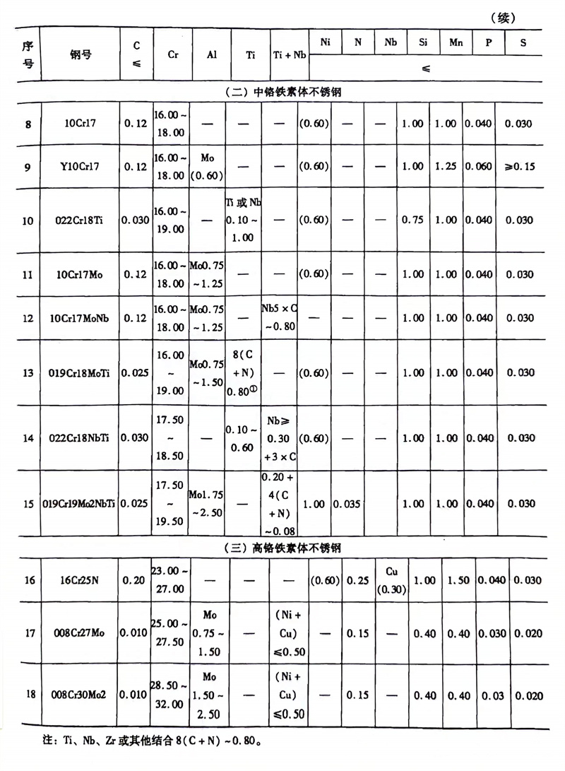 鐵素體不銹鋼的鉻含量(質量分數)一般在11%~30%,碳含量(質量分數)大多低于0.12%。一般按鋼中鉻含量的不同可分為:低鉻鐵素體不銹鋼(Cr)=11%~15%~15%、中鉻鐵素體不銹鋼(Cr)=16%~20%% 和高鉻鐵素體不銹鋼(Cr)=26%~30%%,其分類和化學成分見表6-1。
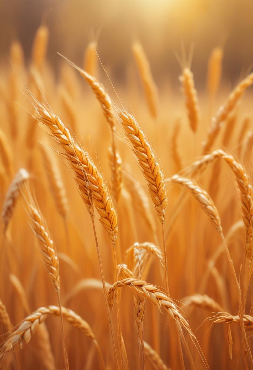 Golden wheat stalks sway in the summer sun
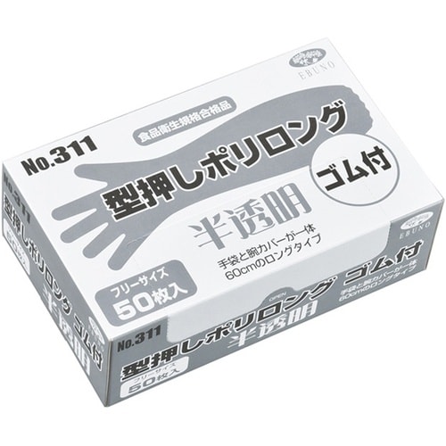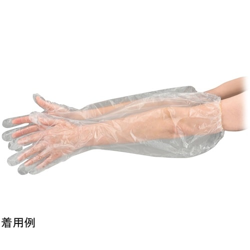 手袋と腕カバーが一体になった全長60cmのポリエチレン製手袋です。ゴム付きでズレを防ぎます。型押しエンボス加工でソフトな風合いです。 |
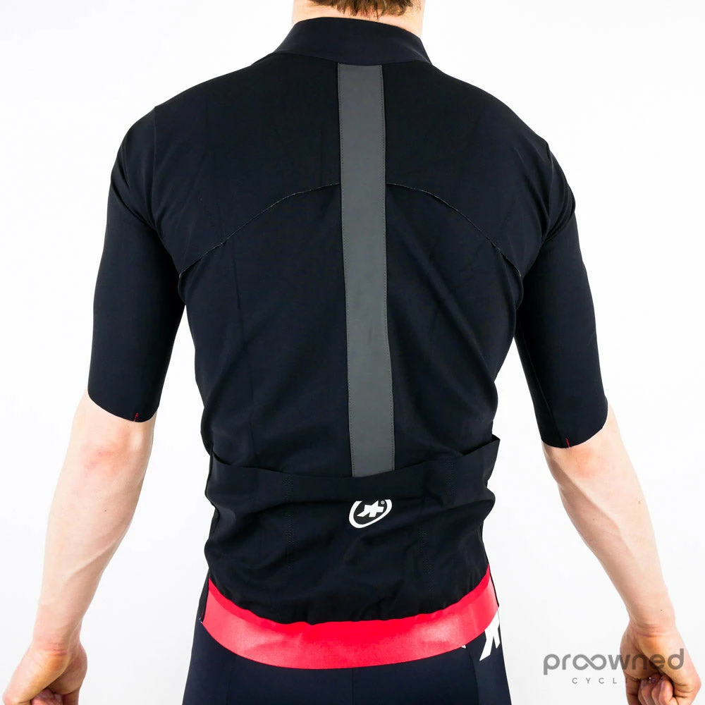 The Liberty is classified as a “rain thermo racing device.” It is stringently engineered to be as watertight as necessary, as aerodynamic as possible, and as low volume as needed when performing at your maximum. The Liberty relies on Assos non-porous Stratagon Light fabric, which remains lightweight and able to perform even when wet.
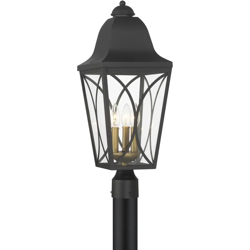 Cardigan 4 Light 28.25 Inch Sand Coal And Olden Brass Outdoor Post Lantern, Great Outdoors
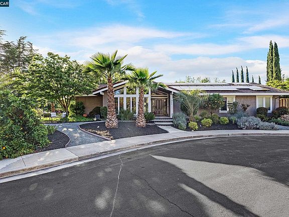 Single-story 2,766 sq ft 4 bed 2 &1/2 bath Northgate home. On small cul-de-sac w/gorgeous wooden floors, skylights, vaulted ceilings & large windows throughout create luxurious living. Elegant features throughout including dual fireplace in sitting room & living room. The modern kitchen updated 2021 features built-in floor to ceiling pantry, corner lazy susan, bay window, wine fridge, French door refrigerator, gas stove, dishwasher, SHARP smart microwave drawer, Quartz countertops, & farmhouse sink. PAID SOLAR PANELS adorn the roof. Generously sized master suite includes en-suite bathroom with spa-like features of shower steam room, radiant heated floors & towel warmer. Private backyard is an oasis and an entertainer's paradise, featuring sparkling salt water Pebbletec pool, hot tub, outdoor fireplaces & charming gazebo. Buyer can choose to keep commercial grade gym equipment in garage as home gym or asked to have removed prior to closing. This home's endless amenities with it's ideal location only blocks from top-rated schools, parks, shopping, Shadowbrook winery & dining create the dream California lifestyle.
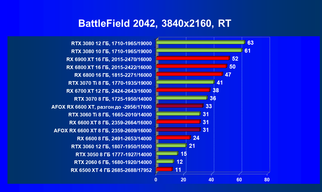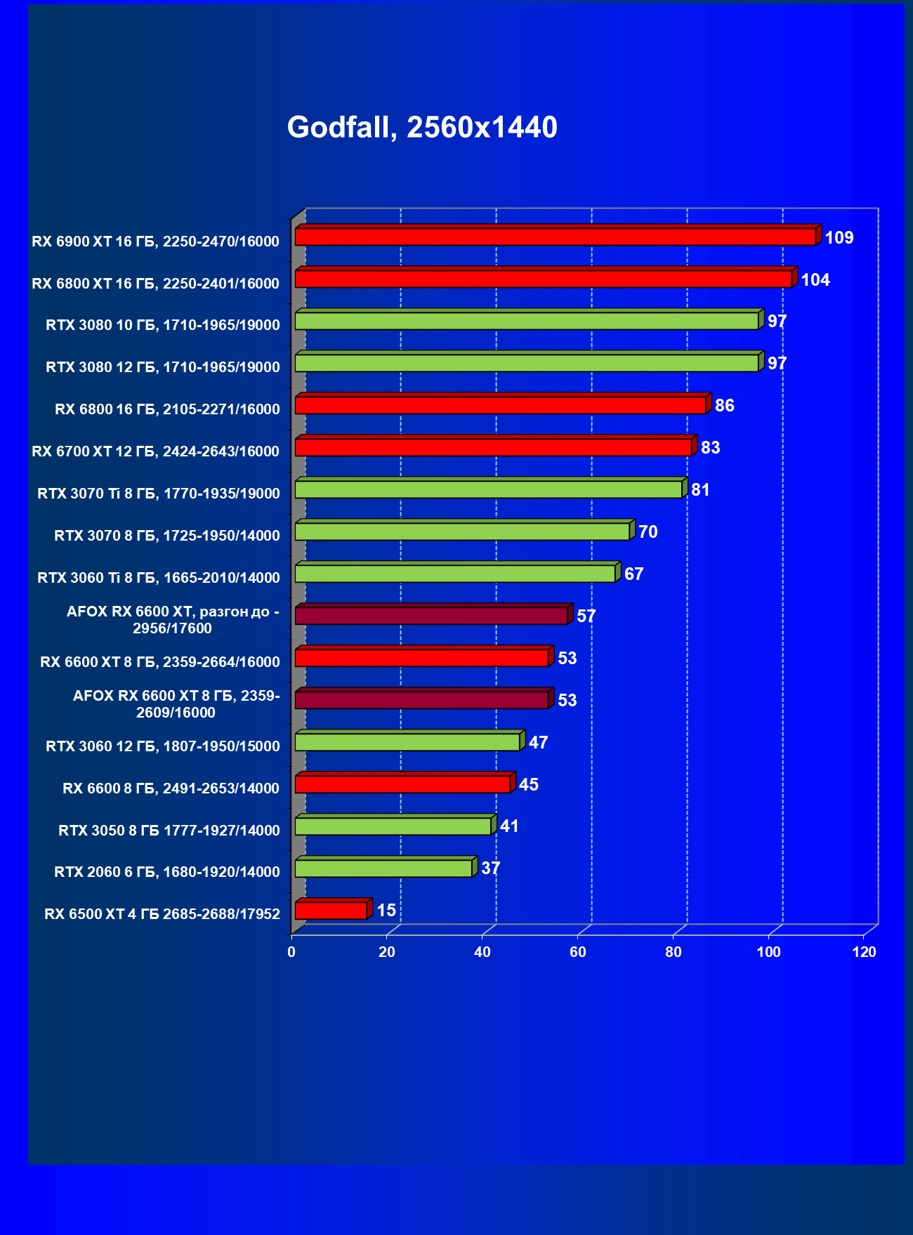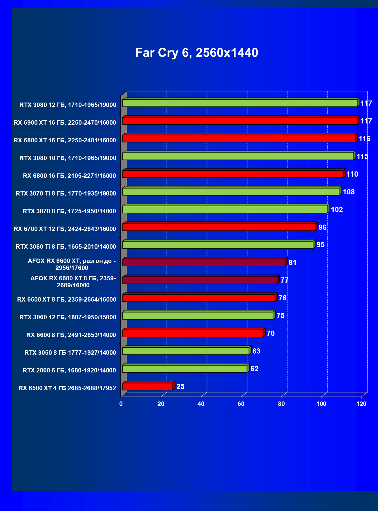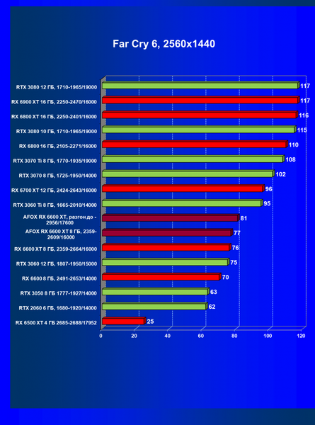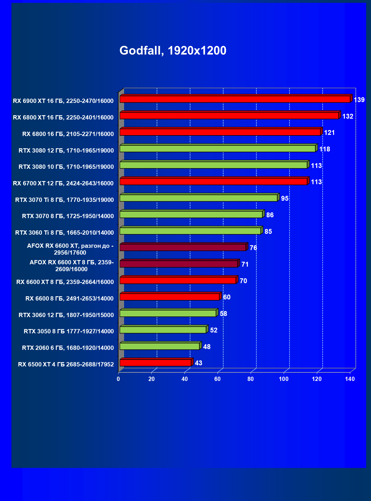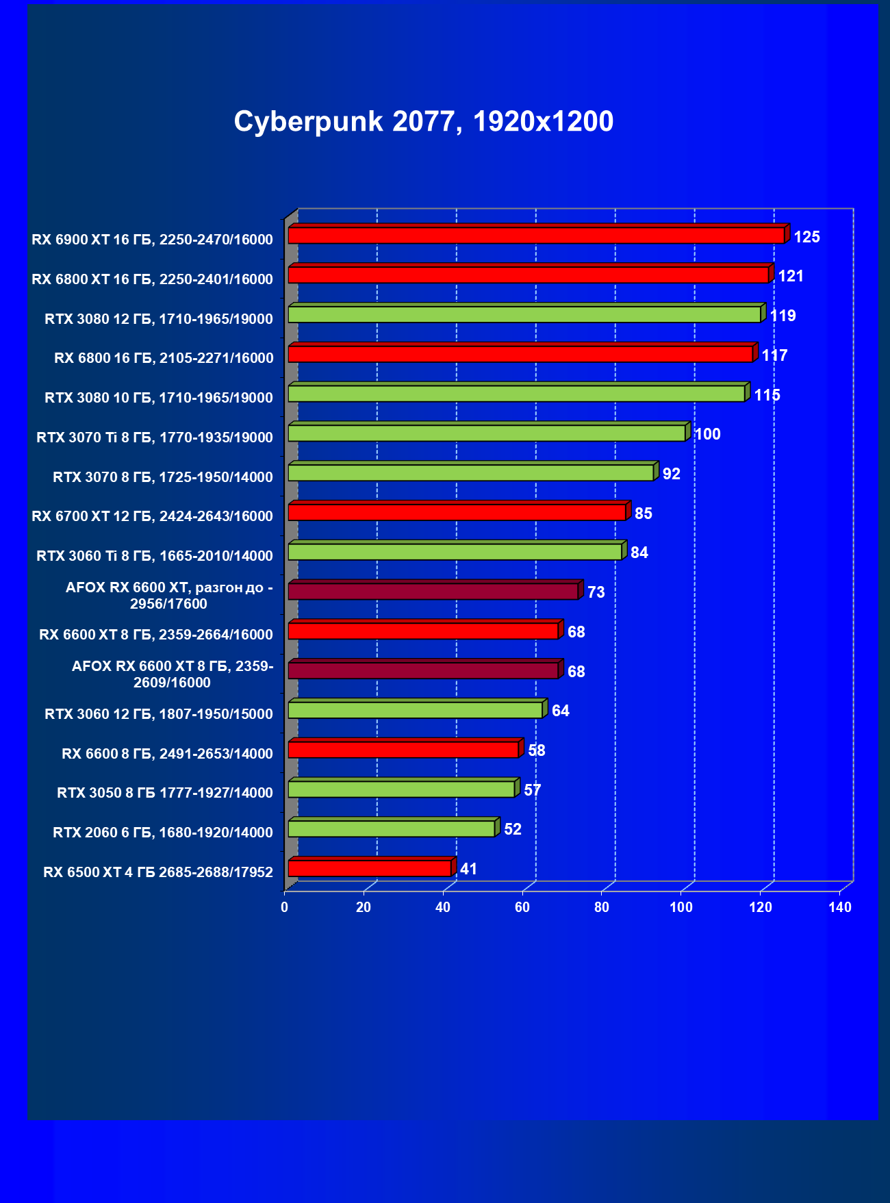 | 07 | Afox RX 6600 XT 8 ГБ, 2359—2609/16000 | 74 | 310 | 42 000 |
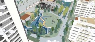 草坡的另一半是一個(gè)反坡的處理,兒童空間被藏于此,全齡活動(dòng)作為主線串聯(lián)全部的活動(dòng)場(chǎng)景,再被大鯨魚一口吞下,歡聲笑語(yǔ)隨風(fēng)游走,聚集更多人前來。
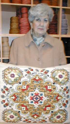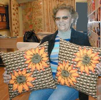 | Cojines de 45 x 45 cm de Girasoles bordados sobre un diseño cuadriculado en esterilla delgada por Rosa Sternfeld, que los comparte con nosotras. | ![]() |
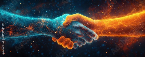 handshake, collaboration, energy, light, digital, art, cosmic, colours, oneness, partnership, connection, abstract, glowing, vibrant, teamwork, harmony, science, technology, creative, visual, design, concept, isolation, background, artist, illustration, dynamic, metaphor, support, influence, gesture, idea, spiritual, friendship, communication, reaching, exchange, positivity, interaction, future, optimism, transformation, emotion, synergy, hand, motion
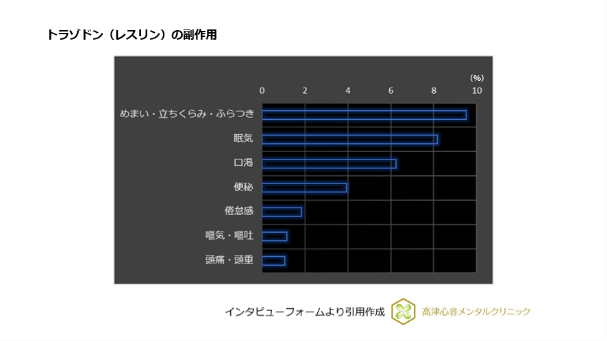 トラゾドンは低用量では、セロトニン再取り込み阻害作用の効果は弱まり、他にもともと有しているセロトニン5-HT2A受容体、ヒスタミンH1受容体、アドレナリンα1受容体阻害効果は維持されます。
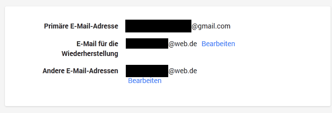 Die Primäre war früher ebenfals eine @web.de Mail, welche wohl im Zuge einiger Umstrukturierungen über die Jahre einfach eine @Gmail.com wurde. Die Email bei "Andere E-Mail-Adressen" habe ich erst vor nem halben Jahr hinzugefügt, und genau da kann man weitere Emails hinzufügen. Nur eben keine GMail-Adressen
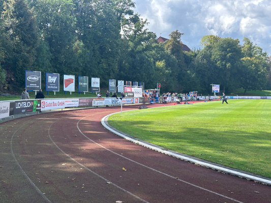 Witzenhausen hatten wie die letzten Kilometer noch auf der A38 zu bewältigen und um 13:35 Uhr kamen wir im Stadionbereich an. Die ausgesuchte Straße zum parken war leider gesperrt, ansonsten
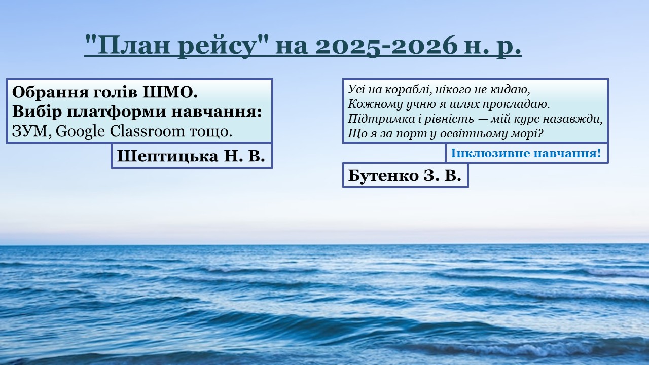 Новий 2025-2026 навчальний рік по-новому! Педагоги школи-родини 39 піднімають вітрила! Тримаємо курс на відкриття нових освітніх горизонтів! Серпнева педрада – підсумки, дослідження, окреслення майбутнього! Окрилені, натхненні, впевнені, наповнені сучасними ідеями українського вчительства, прямуємо до успіхів та перемог! Є чим поділитися, є що показати. Навчанням та вихованням дітей займаються високопрофесійні, творчі, винахідливі, передові освітяни школи-родини! Школі жити! Миру бути!
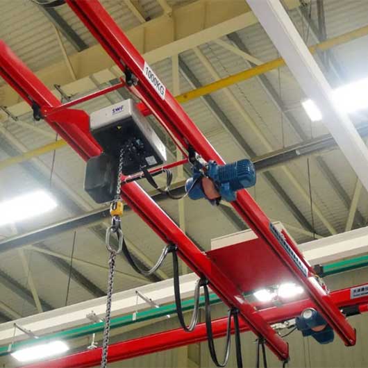 柔性单轨悬架起重机应用广泛,功能突出。所有部件都可以随意组合,因此轨道方向可以根据客户车间的施工情况灵活布置,以满足生产加工中特定产品和工作位置的特殊要求。
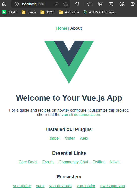 最后,复制网址到浏览器访问,可以看到默认项目界面,创建完成
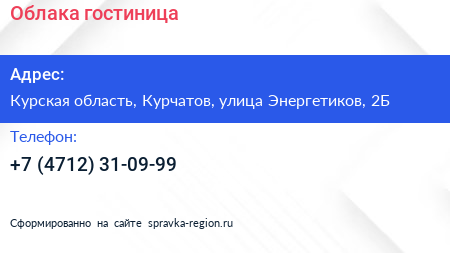 Облака, гостиница по адресу Курская область, Курчатов, улица Энергетиков, 2Б в дальнейшем Организация, размещена в следующих категориях:
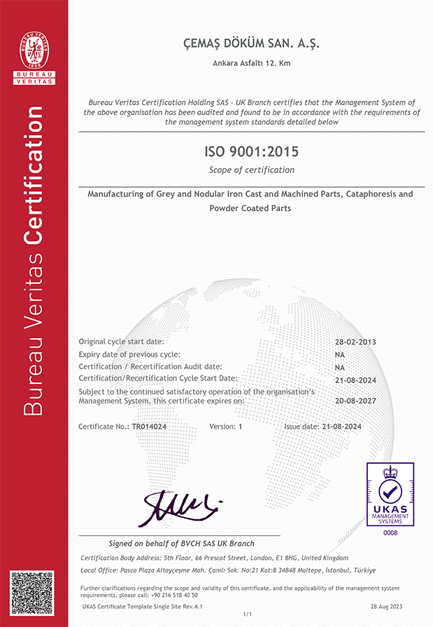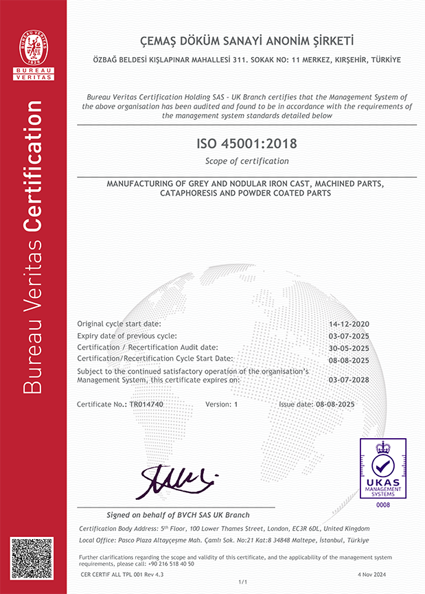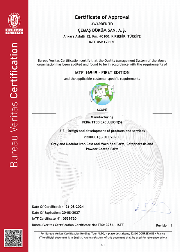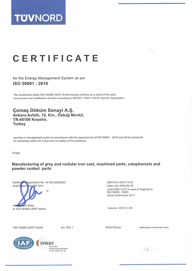 Şirketimiz uygulamakta olduğu IATF 16949 Kalite Yönetim Sistemi, ISO 45001 Yönetim Sistemini, ISO 14001 Çevre Yönetim Sistemini ve ISO 50001 Enerji Yönetim Sistemini oluşturduğu Çevre, İSG ve Enerji Politikası ve Kalite Politikası ile desteklemektedir.
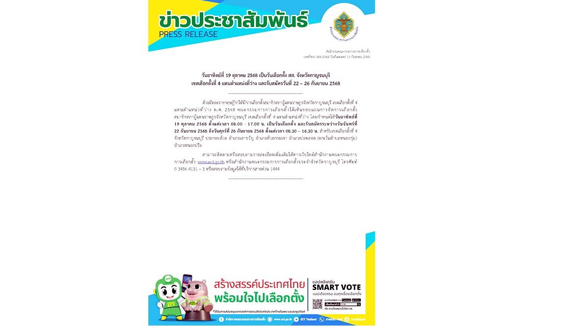 วันอาทิตย์ที่ 19 ตุลาคม 2568 เป็นวันเลือกตั้ง สส. จังหวัดกาญจนบุรีเขตเลือกตั้งที่ 4 แทนตำแหน่งที่ว่าง และรับสมัครวันที่ 22 – 26 กันยายน 2568 ด้วยมีพระราชกฤษฎีกาให้มีการเลือกตั้งสมาชิกสภาผู้แทนราษฎรจังหวัดกาญจนบุรี เขตเลือกตั้งที่ 4 แทนตำแหน่งที่ว่าง พ.ศ. 2568 คณะกรรมการการเลือกตั้ .. 16 ก.ย. 2025
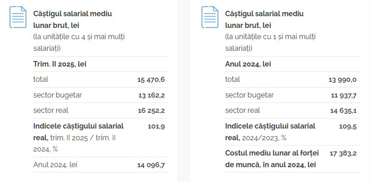 According to the National Bureau of Statistics, the average salary in the Republic of Moldova for 2024 was 13,990 lei, roughly equivalent to €682. By the second quarter of this year, the average monthly salary had increased to 15,470 lei, which is about €788.
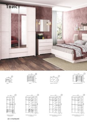 Модульная спальня Твист (Ижмебель) - за 53 921 руб. в Дмитрове. Купите на сайте dmitrov.onlinemarketmebeli.ru или по телефону 8(800)505-30-63 уже сегодня! Уточнить наличие, комплектацию, актуальную цену можно бесплатно у менеджера ежедневно. Закажите Модульная спальня Твист (Ижмебель) до конца акции! Доступна покупка в кредит, рассрочку. Доставим со склада или на заказ.
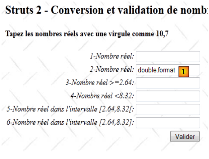 Maintenant, retour à la complexité des champs de saisie du formulaire [FormDouble.JSP]. On va raisonner sur le champ double2. Le raisonnement s'étend aux champs double3 à double5 qui ont un modèle de type Double. Pour les champs double1 et double6 qui ont un modèle de type String, il n'y a pas de problème.
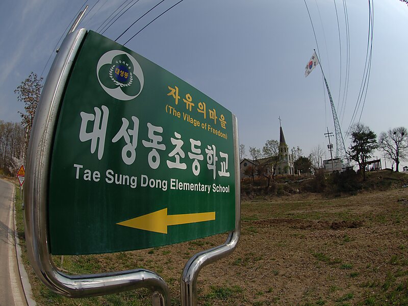 Daeseong-dong is a village in South Korea close to the North Korean border. It lies within the Korean Demilitarized Zone. The village is about 1.6 kilometers south of the Bridge of No Return, and 12 km from the city of Kaesong, North Korea. As of 2018, the village has 193 inhabitants.

-----

> _Activity_: Although pictures appear among the records above, write out exactly only the lines from the one that has "Şirketimiz uygulamakta olduğu" through the one that has "วันอาทิตย์ที่ 19 ตุลาคม", and leave the pictures out.

> _Response box_:
 Şirketimiz uygulamakta olduğu IATF 16949 Kalite Yönetim Sistemi, ISO 45001 Yönetim Sistemini, ISO 14001 Çevre Yönetim Sistemini ve ISO 50001 Enerji Yönetim Sistemini oluşturduğu Çevre, İSG ve Enerji Politikası ve Kalite Politikası ile desteklemektedir.
 วันอาทิตย์ที่ 19 ตุลาคม 2568 เป็นวันเลือกตั้ง สส. จังหวัดกาญจนบุรีเขตเลือกตั้งที่ 4 แทนตำแหน่งที่ว่าง และรับสมัครวันที่ 22 – 26 กันยายน 2568 ด้วยมีพระราชกฤษฎีกาให้มีการเลือกตั้งสมาชิกสภาผู้แทนราษฎรจังหวัดกาญจนบุรี เขตเลือกตั้งที่ 4 แทนตำแหน่งที่ว่าง พ.ศ. 2568 คณะกรรมการการเลือกตั้ .. 16 ก.ย. 2025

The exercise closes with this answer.